Le 2004 a une couleur plus jaune que le 2002. Le nez est clair et la bouche est jolie. L’accord est merveilleux avec le petit pois, car on est totalement pris à contre-pied. Michel Bettane aime beaucoup cet élégant 2004 qui est 100% sauvignon.
(ce plat de petits pois est une merveille absolue)
(quel festival de couleur !)
Le 2005 a une couleur très claire et un nez surpuissant. Son goût est trop puissant pour moi. Le 2000 est de l’or. J’apprécie beaucoup, mais les grands spécialistes présents préfèrent le 2005. J’essaie de suivre leur idée, malgré le gap gustatif que représente un 2005 pour moi et je viens progressivement à leur analyse, trouvant en définitive le 2005 plus aérien et subtil que le 2000.
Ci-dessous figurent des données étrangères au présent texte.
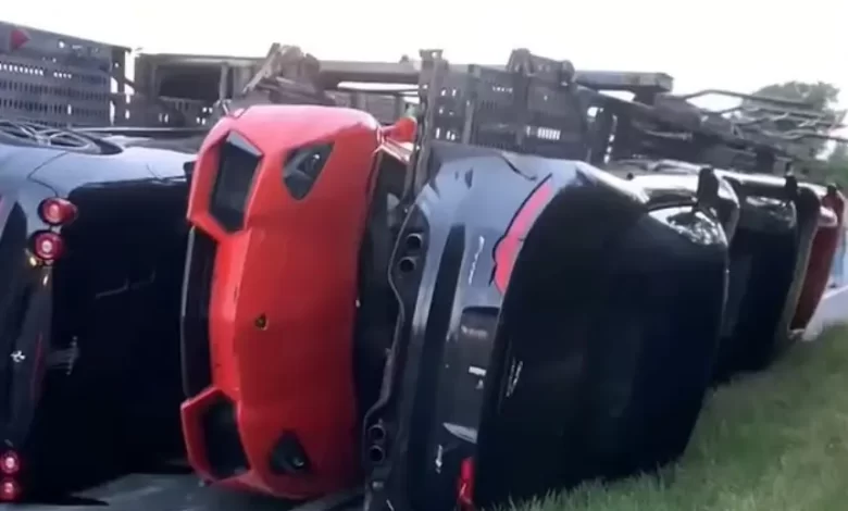 بينها أستون مارتن ولامبورغيني.. شاحنة تحمل سيارات فارهة تنقلب على الطريق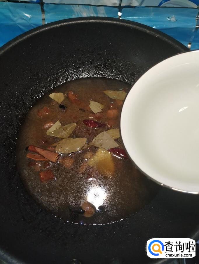 放入适量花椒,香叶,生姜片,干辣椒等大料,炒出香味。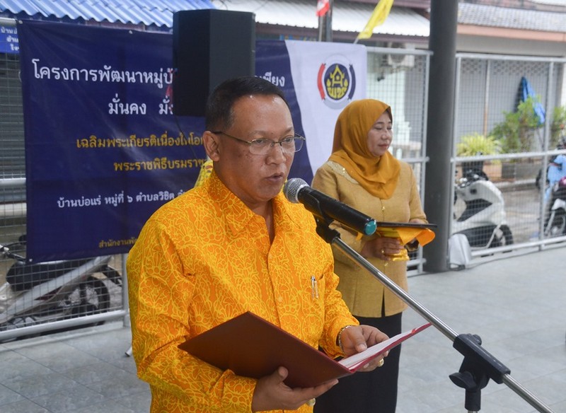 ว่าที่ร้อยตรี วิกรม จากที่ นายอำเภอเมืองภูเก็ต กล่าวว่า จังหวัดภูเก็ต โดยสำนักงานพัฒนาชุมชนจังหวัดภูเก็ต ได้จัดทำโครงการพัฒนาหมู่บ้านเศรษฐกิจพอเพียง มั่นคง มั่งคั่ง ยั่งยืน เฉลิมพระเกียรติเนื่องในโอกาสมหามงคลพระราชพิธีบรมราชาภิเษกในพื้นที่ โดยมีวัตถุประสงค์เพื่อเฉลิมพระเกียรติเนื่องในโอกาสมหามงคลพระราชพิธีบรมราชาภิเษก พร้อมทั้งสืบสาน รักษา และต่อยอดปรัชญาเศรษฐกิจพอเพียงของในหลวงรัชกาลที่ 9 มาใช้ในการพัฒนาหมู่บ้านและเพื่อสร้างความสุขให้แก่ประชาชน

Nous allons maintenant goûter le « Haute densité », dont le nom provient du fait que l’on a planté 17.000 pieds de vignes par hectare, contre 7.000 pour l’appellation. Ceci permet de ne conserver que 2,5 grappes par pied et conduit à un vin plus raffiné. S’il y a de la densité de pieds plantés, il y en a aussi dans le verre ! Car le Haute Densité 2004 est une bombe de plomb. Le Haute Densité 2005 est beaucoup plus aérien, d’une élégance et d’une variété rares. J’écris sur mes notes qu’il est fabuleux, et s’harmonise avec le gingembre de délicate façon.
Le Pouilly Fumé « normal » 1998 est un petit bonheur sur trois fromages, le brie de Nadine de Rothschild et deux chèvres de la ferme du Port Aubry à Cosne-sur-Loire en forme de cônes pour s’en souvenir, l’un du 29 avril et l’autre du 29 mai, il y a donc quinze jours. Le vin est doré, au nez de citron vert, rond de plaisir en bouche. C’est un vin magnifique.
Le 1996 qui suit a un nez de truffe blanche et de pierre à fusil, avec une petite note citronnée. La couleur est d’un or très clair. J’aime le gras de ce vin, mais les deux vedettes sont pour moi le Haute Densité 2005 Château de Tracy et le Pouilly-Fumé 1998.
Henri a fait une présentation d’une rare élégance, ayant cette humilité et ce sens de la réserve qui sont l’apanage des grands. Longue vie au Château de Tracy, Pouilly-Fumé.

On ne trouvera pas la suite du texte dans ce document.